Spearman correlation coefficient were calculated between clinical factors and RTQA scores. For tumor location, the chi-square test was performed to evaluate its relationship with RTQA scores. To evaluate the relationship between RTQA scores and patients' outcome, we performed log-rank tests for RTQA scores with patients' outcome. Since there are three levels for each RTQA score, the log-rank tests were performed between each two levels, including per-protocol vs. variation acceptable, per-protocol vs. unacceptable and variation acceptable vs. unacceptable.

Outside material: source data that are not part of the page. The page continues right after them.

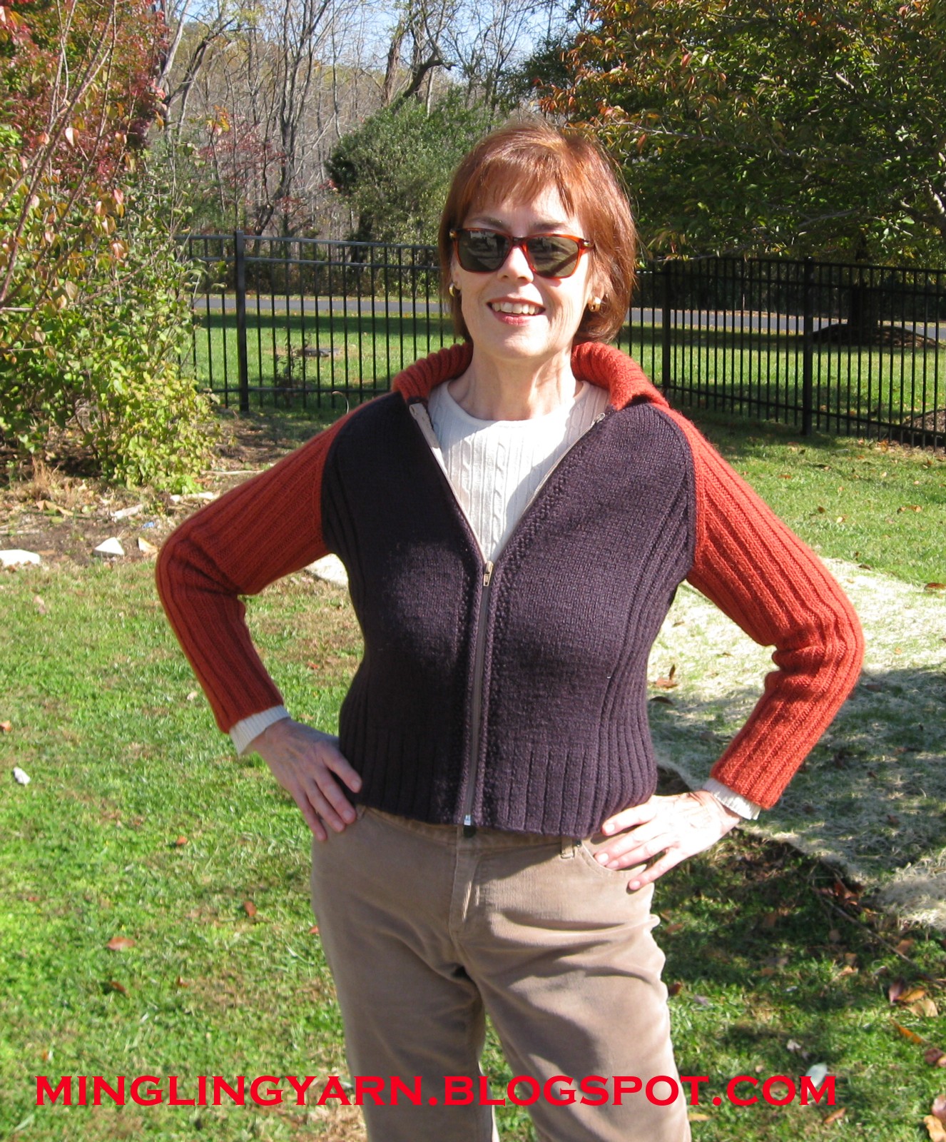 Everybody needs an autumn 'knock-about' cardigan, right? I choose to knit a classic from Chic Knits -- Ribby Cardi. Knit in a worsted weight yarn from Elann -- Peruvian Highland. The knitting went fine, as expected. Bonne Marie Burns crafts excellent patterns, and this oldie but goodie from her line is no exception. My problems arose with my blocking of the finished product. I sent the sweater through the hand wash cycle of my front-loading washing machine -- cold water, no agitation, no other item in the load to provide any additional friction. And, in my defense, this is how I have laundered many other hand knit, and also store bought, knitwear in the several years I have had the machine. This time, not so good. Apparently Peruvian Highland yarn felts with great ease. Very nice if that's what you want -- sadly, I did not.
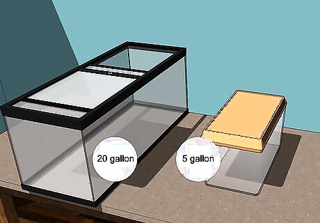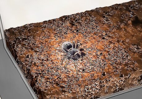 Determine the terrarium size for your tarantula. If you purchase your tarantula as a baby (spiderling), it can live for months in a medium-sized pill bottle or a small deli cup. Usually, if you buy a tarantula from an online dealer, they will send it in a little vial. You can keep the spider/spiderling in that vial until it reaches a molt that will make it too big for the container. Species like the Common Pink Toe (Avicularia Avicularia), Costa Rican Stripe Knee (Aphonopelma Seemanni), Chilean Rose (Grammostola Rosea), Curly Hair (Brachypelma Albopilosum), Mexican Redknee (Brachypelma Smithi), Cobalt Blue (Haplopelma Lividum), and Usambara Orange Baboon (Pterinochilus sp.) will all fit well into a 5 gallon (18.9 L) terrarium when fully grown. Some species like The Goliath Birdeater (Theraphosa Blondi) can have up to a 12-inch (30.5 cm) leg span. It will need a significantly larger tank of 20–40 gallons (75.7–151.4 L).
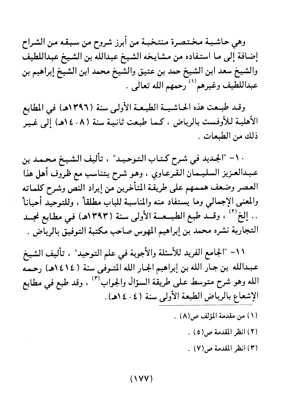 11 ـ " الجامع الفريد للأسئلة والأجوبة في علم التوحيد " تأليف الشيخ عبد الله بن جار الله بن إبراهيم الجار الله المتوفي سنة (1414هـ) رحمه الله وهو شرح متوسط على طريقة السؤال والجواب (¬3) ، وقد طبع في مطابع الإشعاع بالرياض الطبعة الأولى سنة (1404هـ) .
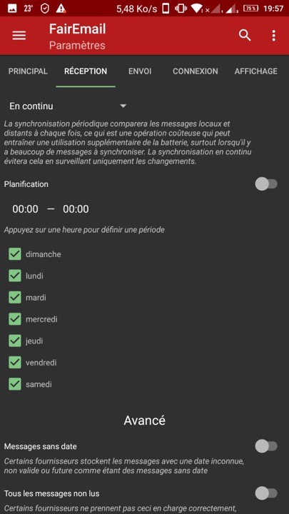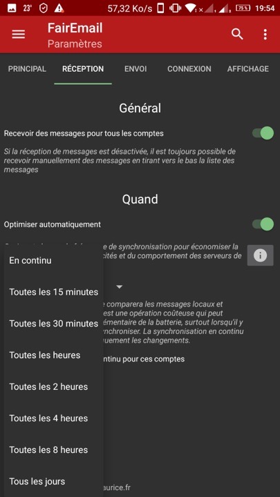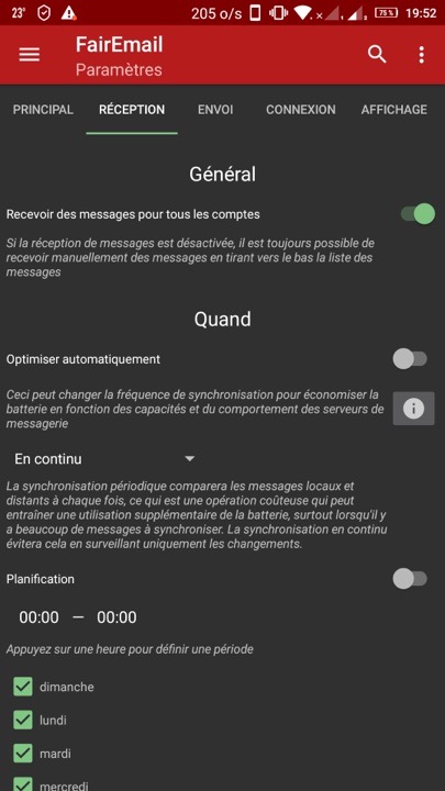 sélectionner les options et les horaires de réception pour chacun des comptes.
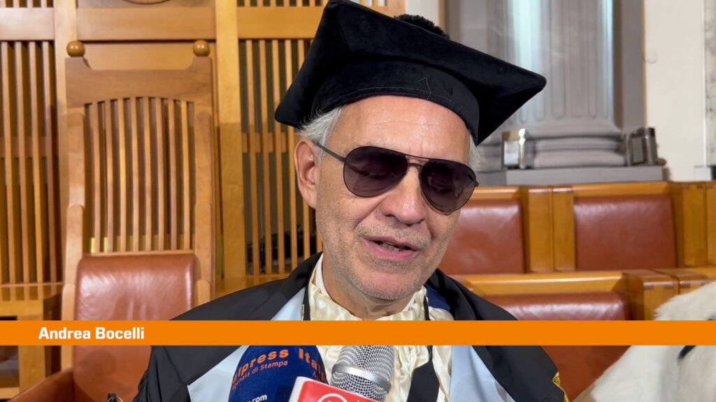 NAPOLI (ITALPRESS) – “Ricevere una laurea honoris causa qui è una cosa di cui capisco perfettamente l’onore, capisco un po’ meno la causa. Accetto con grande gioia e riconoscenza perché la vivo come una testimonianza d’affetto e un attestato di stima”. Così il tenore Andrea Bocelli parlando con i giornalisti a Napoli dopo avere ricevuto la Laurea magistrale Honoris Causa in Gestione delle Politiche e dei Servizi Sociali che gli è stata conferita dall’Università Federico II. Prima della proclamazione Bocelli ha tenuto una Lectio Magistralis. xc9/vbo/gtr
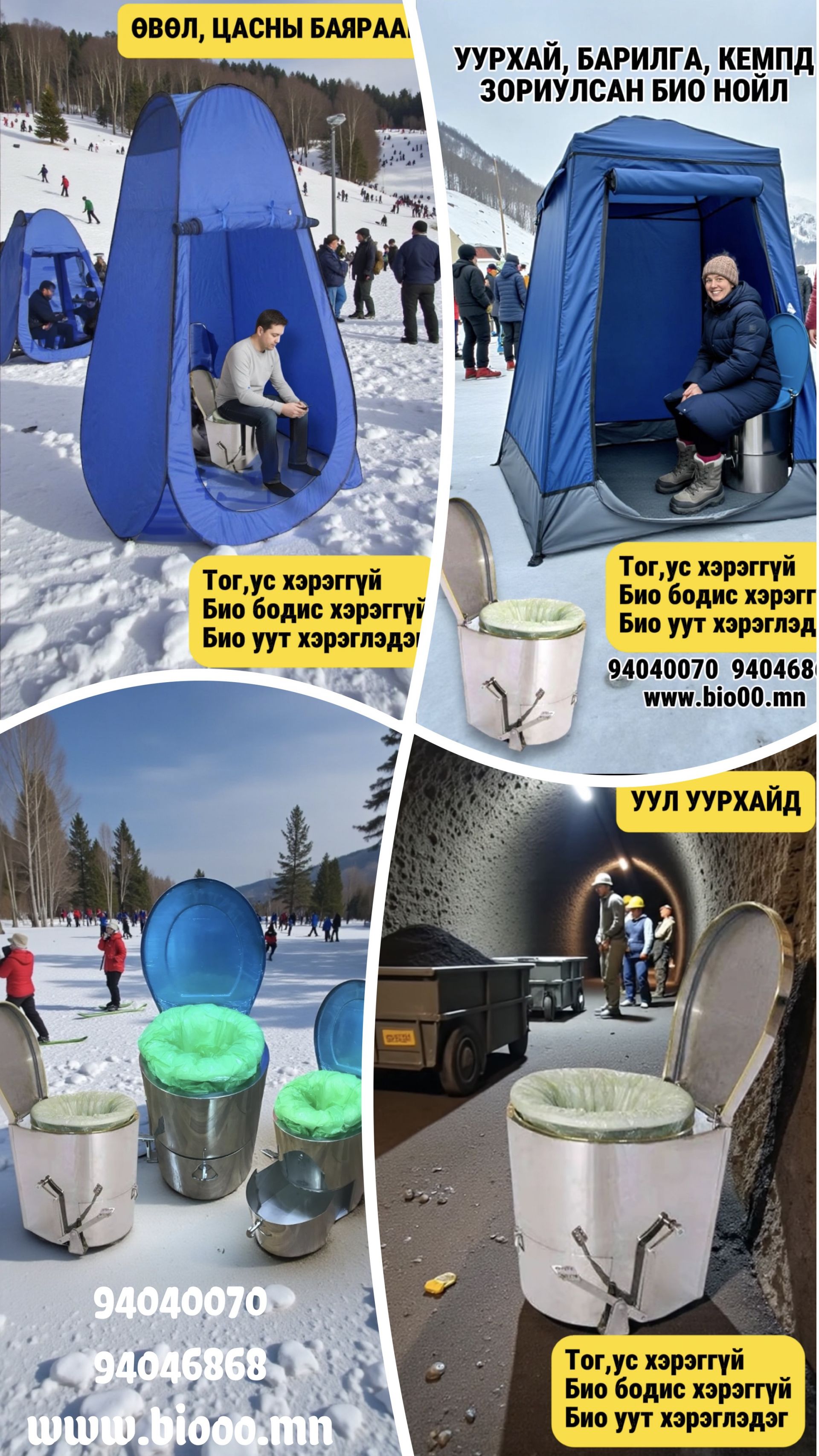 Био нойлийн бохирын сав дүүрмэгц бохирыг гялгар ууттай нь хамт асгана. Бохир өөрөө байгальд задарч алга болно.
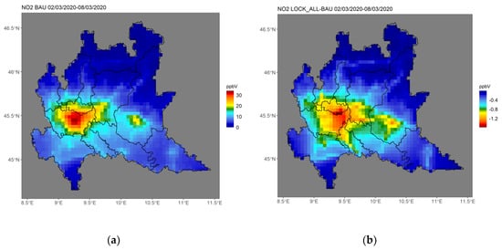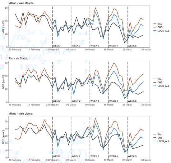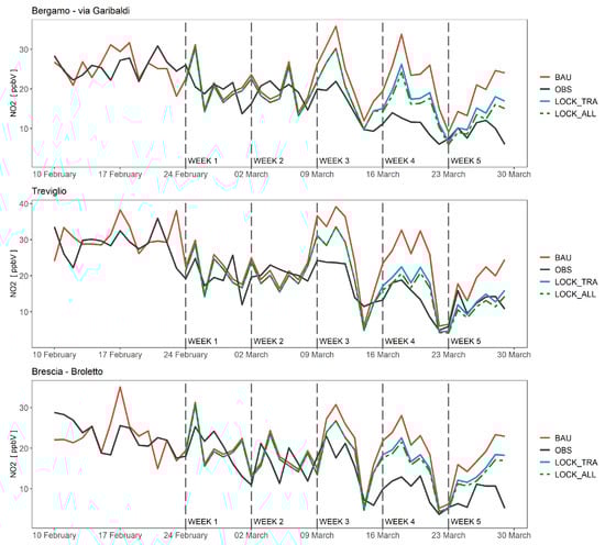 Moreover, comparing the NO2 hourly mean concentration simulated with CAMx (BAU, LOCK_TRA and LOCK_ALL) with air quality data from the ARPA Lombardia database [] allows for the following:
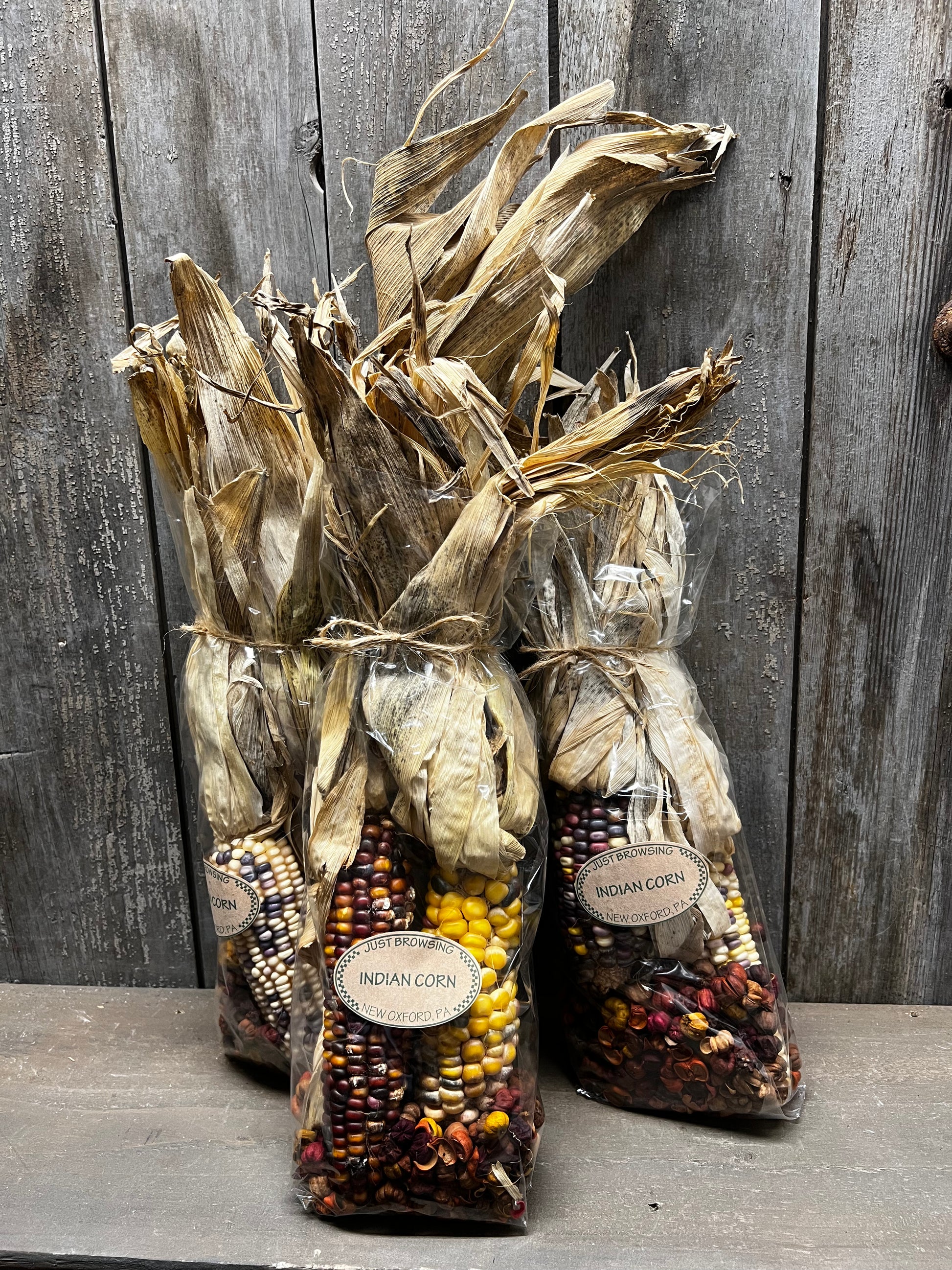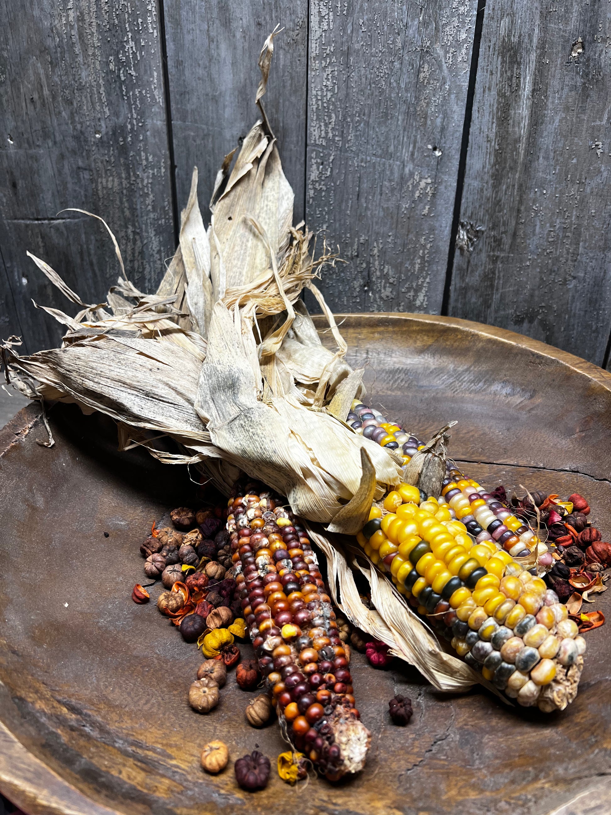Oh the colors of Autumn! A lovely 3 pack of dried Indian corn, in assorted colors and dried putka pods, make for a lovely display. Please note that colors of corn and sizes will vary. This is a naturally grown and dried product.
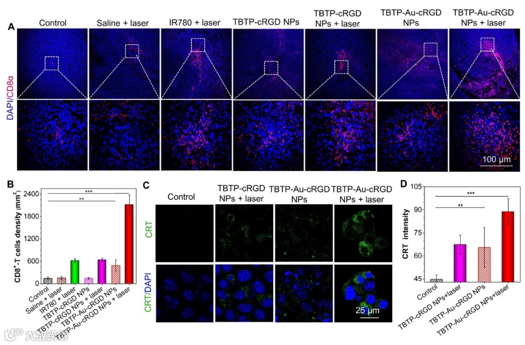 (5)理想的癌症治疗不仅要根除原发性肿瘤,还要通过激活免疫系统诱导系统性抗肿瘤免疫,以控制转移性肿瘤,防止肿瘤复发。评估了不同组肿瘤组织切片中免疫细胞的百分比以及细胞水平免疫原性死亡的标志物(图7)。结果表明,TBTP-Au-cRGD NPs诱导的化疗和PTT协同治疗触发了小鼠的免疫反应,巩固了TBTP-Au cRGD NP的高效抗癌作用。
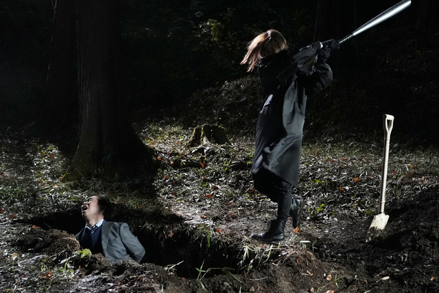 第9話では、充(前野朋哉)が暗闇の中で目を覚ますと、穴の中で手足を縛られ、身動きが取れない状態に。頭上から土を降らせる黒いコートの女は、充が命がけで制止する声も聞かず、大量の土を入れ続ける。「まだ償える」と必死に訴える充に、「邪魔しないで」と金属バットを振り下ろし、血しぶきが顔に飛び散る!
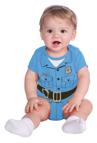 -. Binding : Toy -. Brand : Rubie's -. Color : Police -. Department : costumes -. EAN : 0883028159543 -. Feature : Onesie with P.R.Inted police uniform / Baby costume is fun for dress-up not just at halloween / Newborn fits up to 17 pounds and 27 inches, infant fits up to 22 pounds and 30 inches / Rubie's my first halloween collection features costumes that lets baby celebrate their first october 31 in photo-worthy style / Family owned and family focused, rubie's has been a world leader in bringing you fun for every season since 1950 -. Genre : Career -. IsAdultProduct : 0 -. Label : Rubies Costumes - Apparel -. Manufacturer : Rubies Costumes - Apparel -. Model : 883028159543 -. MPN : 881595-BLU-6-12 Months -. PackageQuantity : 1 -. PartNumber : 881595-BLU-6-12 Months -. ProductGroup : Apparel -. ProductTypeName : TOYS_AND_GAMES -. Publisher : Rubies Costumes - Apparel -. Size : 0 - 6 Months -. Studio : Rubies Costumes - Apparel -. Title : Rubie's Costume My First Halloween Police Officer Onesie Costume -. UPC : 883028159543
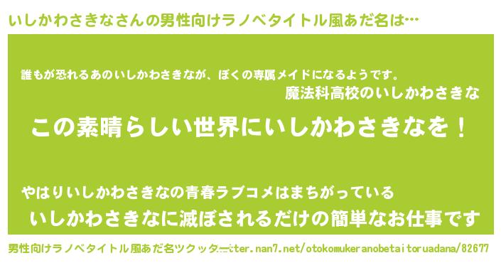 | ヘコむあだ名 | 『いしかわさきな(震え声)』『酢こんぶ』 |
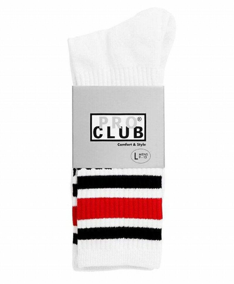 PRO CLUB / STRIPE CREW SOCK / white×red×black プロクラブ ラインソックス
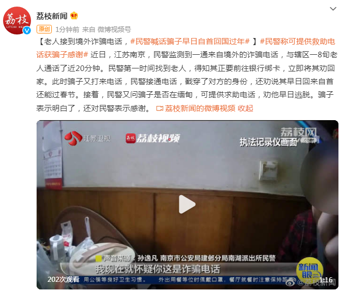 近日,江苏南京,民警监测到一通来自境外的诈骗电话,与辖区一8旬老人通话了近20分钟。民警第一时间找到老人,得知其正要前往银行绑卡,立即将其劝回家。此时骗子又打来电话,民警接通电话,戳穿了对方的身份,还劝说其早日回来自首还能过春节。接着,民警又问骗子是否在缅甸,可提供求助电话,劝他早日逃脱。骗子表示明白了,还对民警表示感谢。

Prediction Model and Model Performance Evaluation

We used a simple modeling strategy to develop our prediction model. First, a univariate analysis was performed to select candidate (p < 0.05). Then, a cox model was established with these candidates. To get a reliable model performance, a 10 folder cross-validation technique was implemented. Briefly, patients were randomly separated into a training (90%) and validation dataset (10%). The model was developed in a training dataset and we assessed the performance in a validation dataset. We used c-index to evaluate model performance. To get stable results, the whole process is repeated 10 times. To get a more reasonable model, we combined per-protocol score and variation acceptable score in RTQA score into acceptable in modeling part. R (Version 3.3.0) was used to perform all the statistics analysis and model development.

Results

Correlation Analyses

Figure 1 shows the result of the correlation analyses. The p-value for the chi-square test between RTQA and primary tumor site was 0.019, 0.002, and 0.147 for TV_SCORE, OAR_SCORE, and TV_DVA_SCORE, respectively.

Figure 1.

Figure 1

The correlation coefficient between RTQA scores with other clinical factors.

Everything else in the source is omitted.